━━━ Records provided ━━━
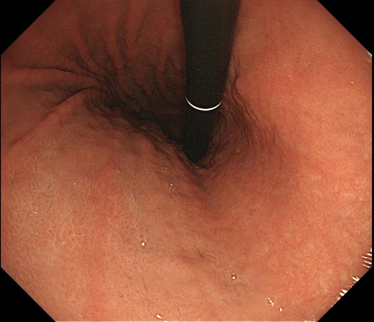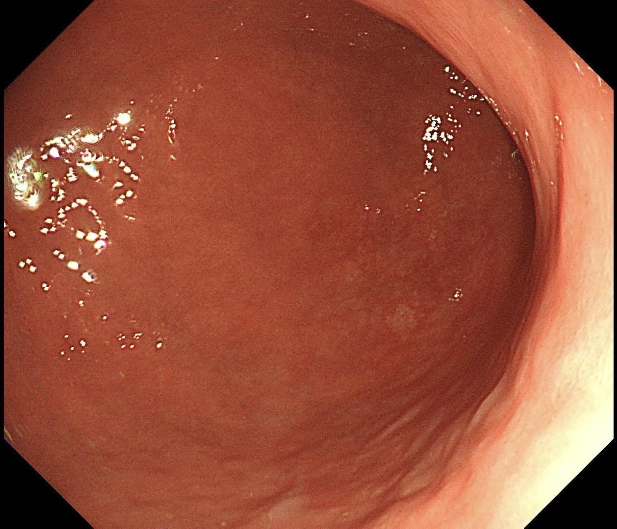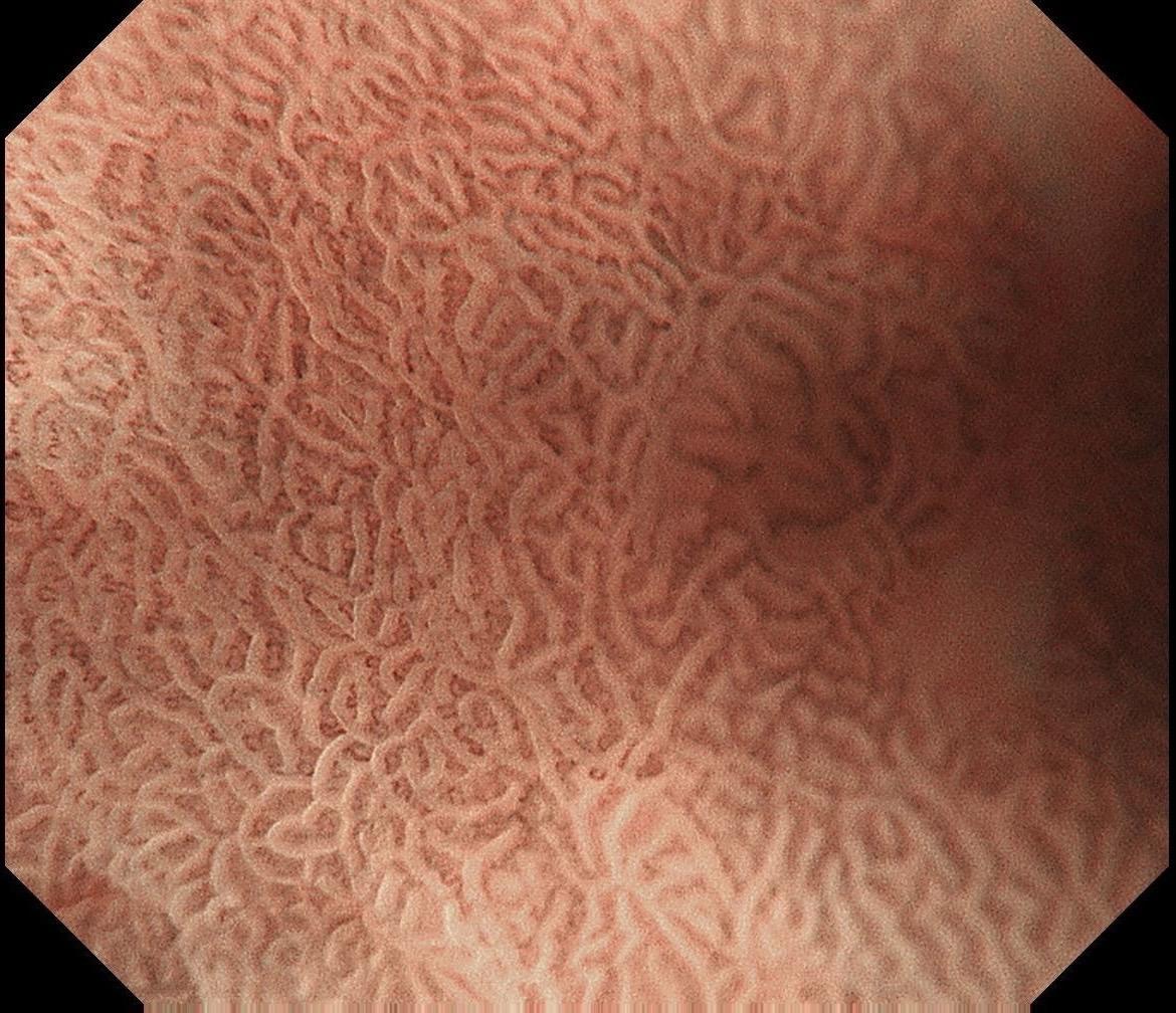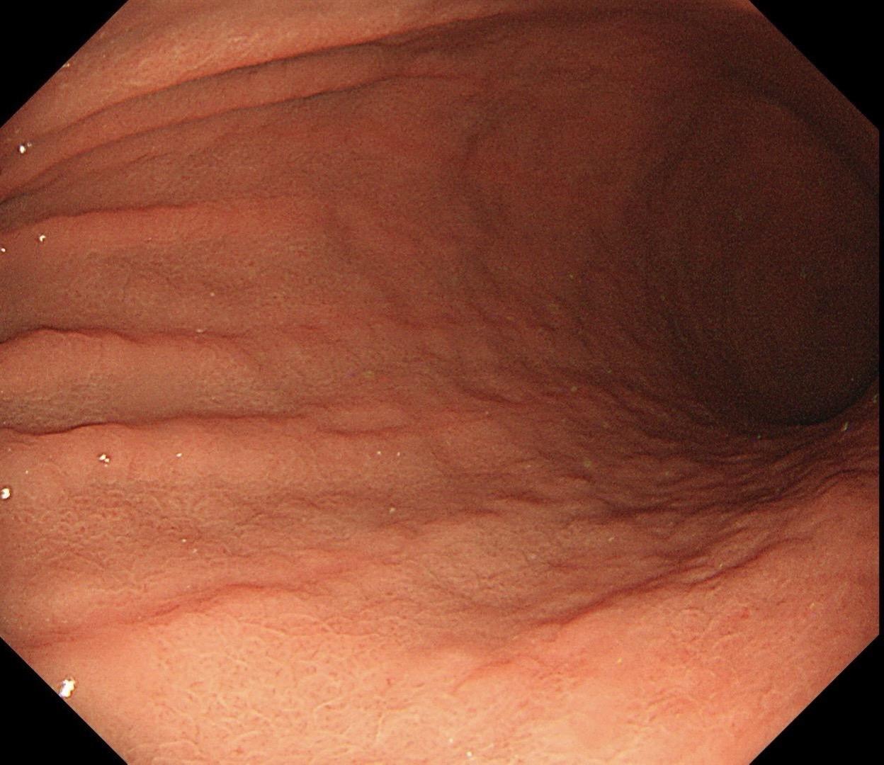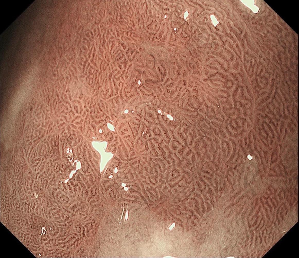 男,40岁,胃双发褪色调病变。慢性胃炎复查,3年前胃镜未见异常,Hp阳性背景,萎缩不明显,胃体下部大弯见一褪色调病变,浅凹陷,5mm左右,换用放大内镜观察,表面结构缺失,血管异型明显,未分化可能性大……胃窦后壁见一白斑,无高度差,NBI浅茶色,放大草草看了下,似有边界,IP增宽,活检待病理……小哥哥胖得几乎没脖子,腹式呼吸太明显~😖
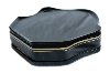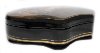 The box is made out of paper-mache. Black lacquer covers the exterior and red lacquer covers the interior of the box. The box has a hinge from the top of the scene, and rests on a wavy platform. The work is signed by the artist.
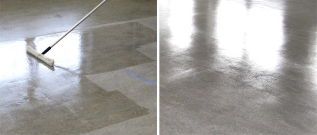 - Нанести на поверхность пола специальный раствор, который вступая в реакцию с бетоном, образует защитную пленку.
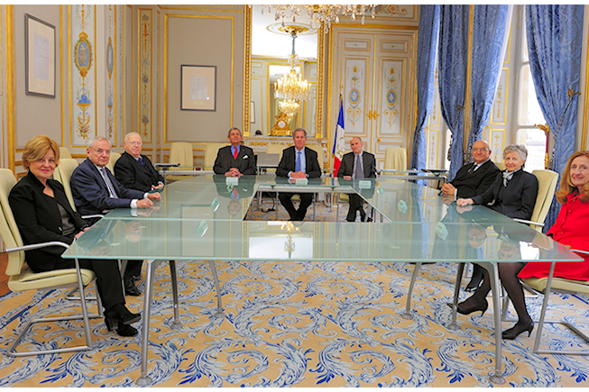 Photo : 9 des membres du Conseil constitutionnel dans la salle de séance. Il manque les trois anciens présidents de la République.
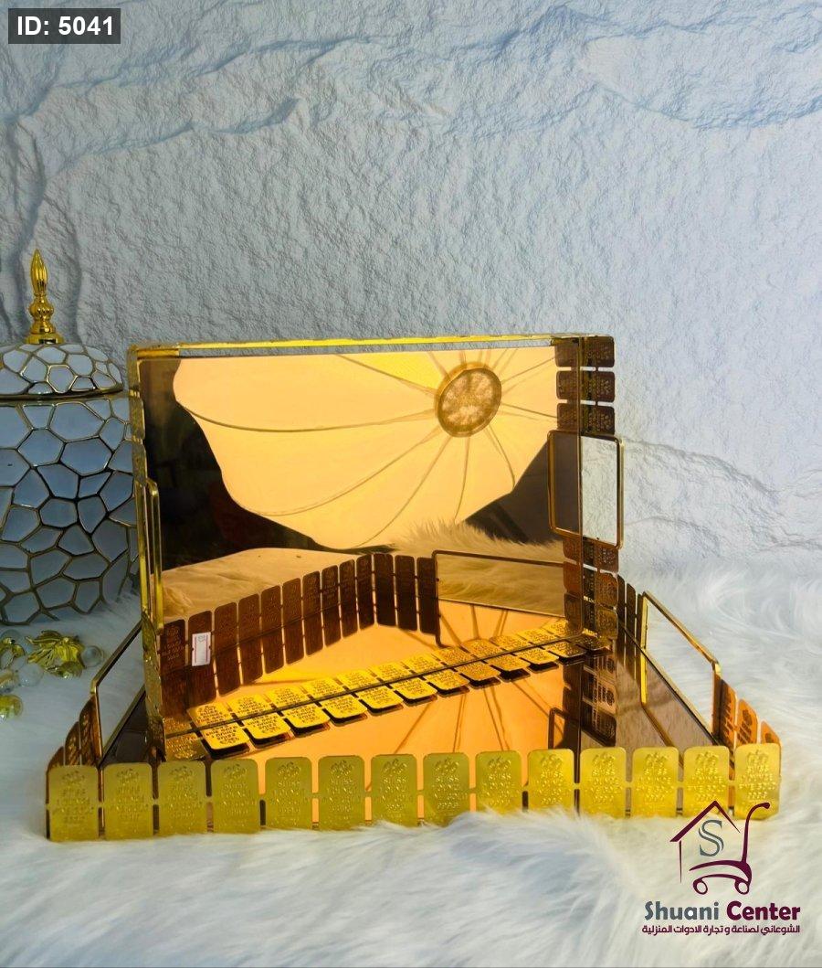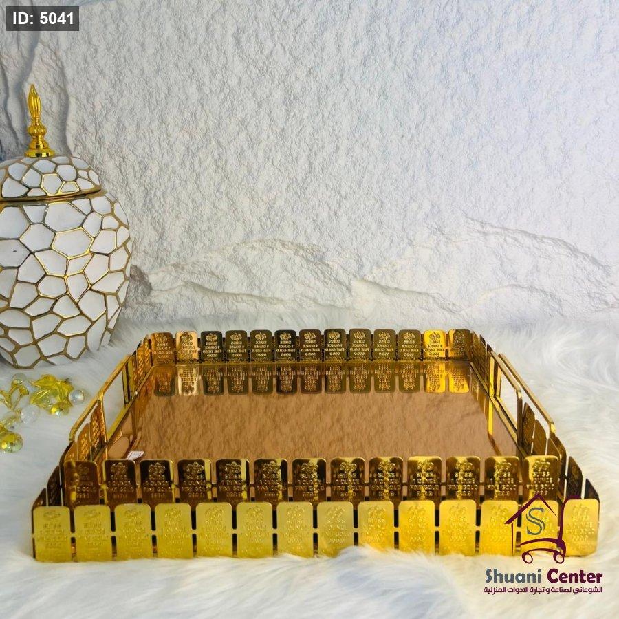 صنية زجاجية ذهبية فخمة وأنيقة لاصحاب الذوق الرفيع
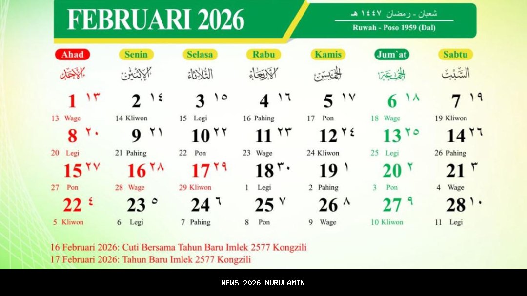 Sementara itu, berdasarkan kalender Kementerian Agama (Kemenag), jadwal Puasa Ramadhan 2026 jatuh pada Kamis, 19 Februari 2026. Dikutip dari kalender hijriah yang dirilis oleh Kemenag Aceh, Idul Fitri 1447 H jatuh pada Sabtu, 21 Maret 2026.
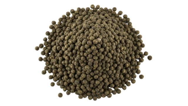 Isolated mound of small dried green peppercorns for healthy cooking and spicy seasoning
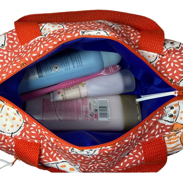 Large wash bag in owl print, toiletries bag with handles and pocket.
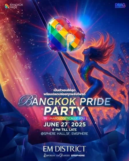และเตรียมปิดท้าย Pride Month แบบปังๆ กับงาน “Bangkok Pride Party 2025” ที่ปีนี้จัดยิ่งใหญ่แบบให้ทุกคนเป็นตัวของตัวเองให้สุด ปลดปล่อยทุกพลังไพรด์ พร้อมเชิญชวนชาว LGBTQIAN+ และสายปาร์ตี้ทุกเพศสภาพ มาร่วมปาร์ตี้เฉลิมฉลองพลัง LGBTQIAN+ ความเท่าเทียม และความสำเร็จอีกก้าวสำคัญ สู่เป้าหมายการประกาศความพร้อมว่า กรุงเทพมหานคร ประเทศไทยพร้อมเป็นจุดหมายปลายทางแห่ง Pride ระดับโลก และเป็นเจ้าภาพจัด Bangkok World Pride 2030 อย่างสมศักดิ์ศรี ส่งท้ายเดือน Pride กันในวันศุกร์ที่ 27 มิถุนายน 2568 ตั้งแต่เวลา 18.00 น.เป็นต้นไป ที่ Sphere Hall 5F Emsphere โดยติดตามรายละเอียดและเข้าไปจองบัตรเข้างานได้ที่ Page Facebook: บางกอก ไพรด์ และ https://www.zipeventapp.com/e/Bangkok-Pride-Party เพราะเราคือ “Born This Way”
━━━
• _Task to carry out_: Word for word, retype the lines in the entries above that run from the one with "The box is made" through the one with "- Нанести на". Both ends count; pictures do not.

• _Task result_:
 The box is made out of paper-mache. Black lacquer covers the exterior and red lacquer covers the interior of the box. The box has a hinge from the top of the scene, and rests on a wavy platform. The work is signed by the artist.
 - Нанести на поверхность пола специальный раствор, который вступая в реакцию с бетоном, образует защитную пленку.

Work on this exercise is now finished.